[Problem]: The expected response is the full listing, retyped exactly, without its images.

[Collected material]:

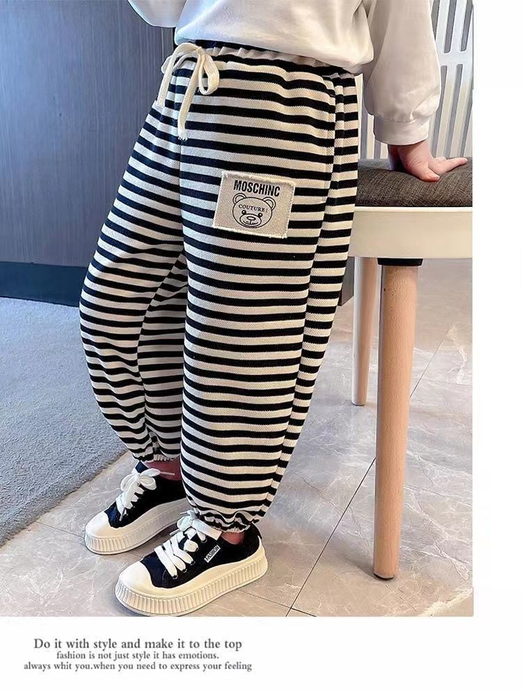 儿童新款条纹百搭卫裤女宝宝宽松休闲裤男童幼儿园神裤韩版运动裤
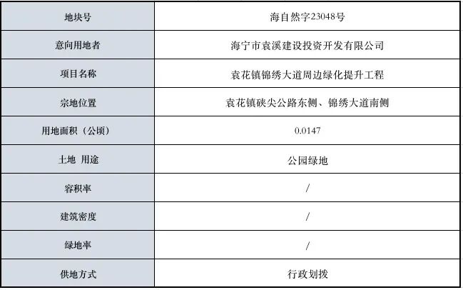 这块地的位置是在 袁花镇硖尖公路东侧 锦绣大道南侧用地 面积0.0147公顷 是公园绿地 供地方式是行政划拨
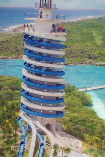 Le monumental toboggan à 4 pistes. Nous sommes à plus de 30m de hauteur quand il faut se laisser glisser dans les tourbillons!

[Your response]:
 儿童新款条纹百搭卫裤女宝宝宽松休闲裤男童幼儿园神裤韩版运动裤
 这块地的位置是在 袁花镇硖尖公路东侧 锦绣大道南侧用地 面积0.0147公顷 是公园绿地 供地方式是行政划拨
 Le monumental toboggan à 4 pistes. Nous sommes à plus de 30m de hauteur quand il faut se laisser glisser dans les tourbillons!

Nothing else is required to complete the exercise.